YANGON (Reuters) - The chairman of an international panel set up by Myanmar to advise on the Rohingya crisis has rebutted criticism by the body’s former secretary, saying the panel is effective and the government has acted on its recommendations.
Former Thai foreign minister Surakiart Sathirathai, who last year was picked by Myanmar to chair the group, said late on Saturday progress has been made in violence-torn Rakhine State in line with the advice the panel has given to the government.
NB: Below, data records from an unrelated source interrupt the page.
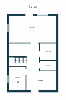 - На первом этаже: просторная прихожая, раздельный санузел, большая гостиная с выходом на участок, комната 10 кв.
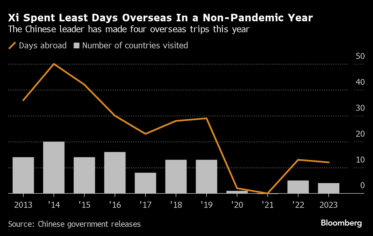 There's been a shift in how Xi conducts diplomatic engagement. He cut back on international travel last year, spending just 12 days outside of China visiting four nations, the lowest for a non-pandemic year since he came to power.
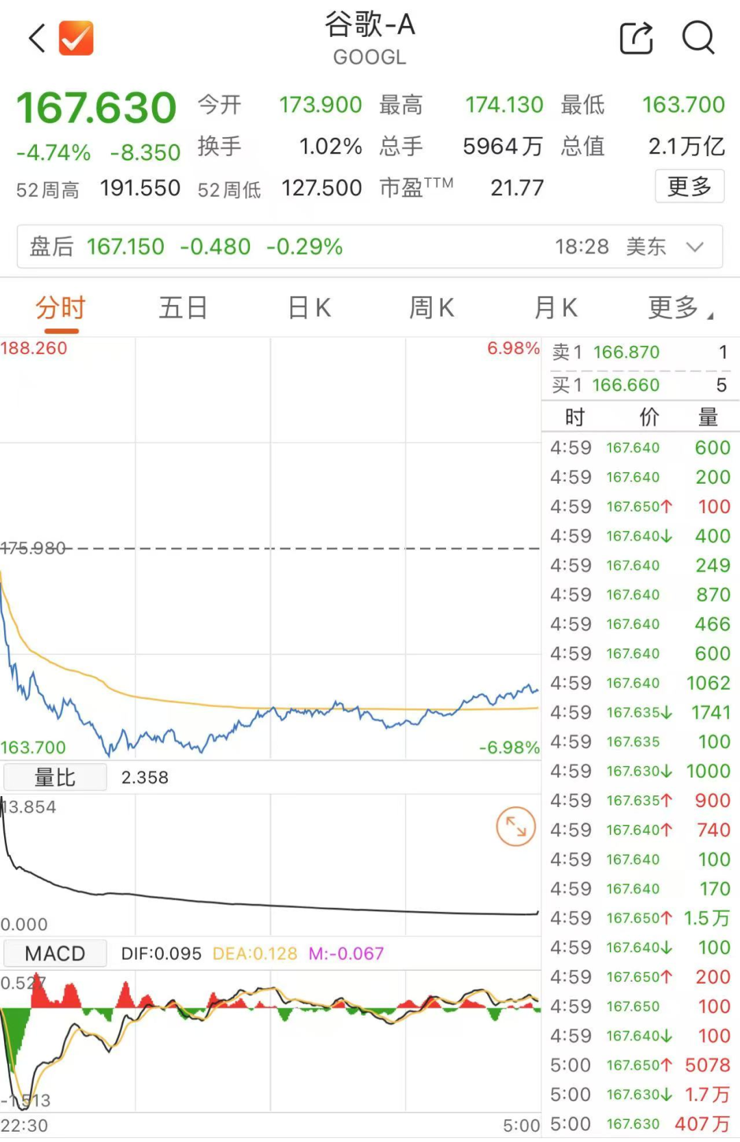当地时间周四,谷歌股价开盘后一路走低,盘中一度跌近7%,临近尾盘跌幅有所收窄,最终该公司股价收跌超4%,创11月以来收盘新低。
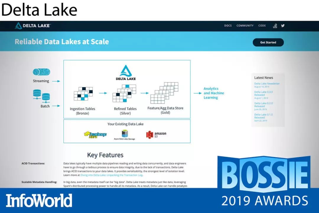 Databricks 公司于今年早些时候对 Delta Lake 进行了开源。这样的选择令人惊讶,毕竟这家公司过去一直将其作为商用产品中不可或缺的重要组成部分。Delta Lake 拥有处理 PB 甚至 EB 级数据的强大性能,负责充当数据湖中的存储层,可提供 ACID 转换与简单的数据版本控制功能,,且只需通过 Apache Spark read 函数调用传递时间戳即可实现“时间旅行(time travel)”。
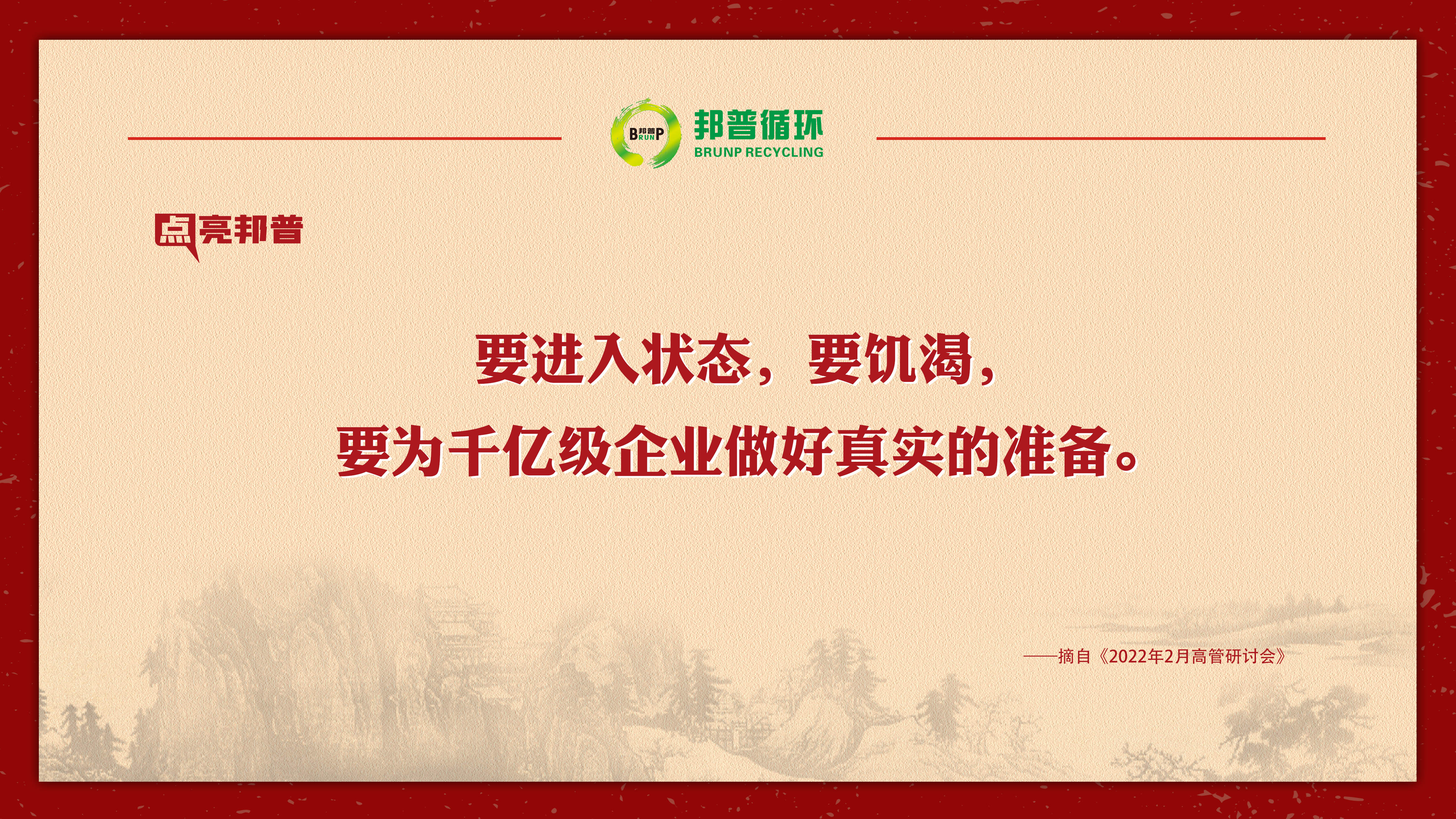 2022年2月,,6163银河官方网站循环高管钻研会上,,李长东总裁与高管一起分享优异企业的价值观,,旌旗鲜明地提出大企业一定要为社会做孝顺,,我们所有人都要调解成这样的状态,,为千亿级企业做好真实的准备!本期点亮6163银河官方网站,,和您一同品味。。。

His comments follow the resignation of Kobsak Chutikul, a retired ambassador and former member of Thailand’s parliament, as secretary of the panel. Kobsak told Reuters on Friday that the group had “been kept on a short leash” and achieved little in the six months since its formation in January.
Kobsak said the panel had been barred from accepting international funding or setting up a permanent office and told to conduct meetings online. Representatives of the Myanmar army have refused to meet the board.
“The statement that the Advisory Board lacks achievements is incorrect and unfair,” Surakiart said in a statement, citing recent moves by the Myanmar government to re-engage with the United Nations after last year’s crackdown on Rohingya Muslims.
Surakiart said the government has, for example, signed an outline deal with two U.N. agencies on Rohingya returns, engaged with the U.N. Special Envoy to Myanmar, invited U.N. Security Council representatives to the country and sent a minister to visit the Rohingya refugee camps in Bangladesh.
It is unclear to what degree the recommendations of the panel, whose official name is the Advisory Board for the Committee for Implementation of the Recommendations on Rakhine State, on these matters have influenced the government’s decision-making.
The panel was set up by the Myanmar government and supposed to advise it on how to implement the recommendations of an earlier commission, headed by former U.N. Secretary-General Kofi Annan, on solving the crisis in its western Rakhine, which has been riven by ethnic and religious tensions for years.
Kobsak’s departure has dealt another blow to the credibility of the body, after veteran U.S. politician Bill Richardson, walked out of its first set of meetings in January, dubbing it a “whitewash” and “cheerleading operation” for Myanmar leader Aung San Suu Kyi.
Myanmar government spokesman Zaw Htay could not be reached for comment on Sunday.
Myanmar has faced renewed criticism from human rights investigators over the exodus of around 700,000 Rohingya Muslims who fled a sweeping army crackdown last year in Rakhine state that the U.N. has termed “ethnic cleansing”.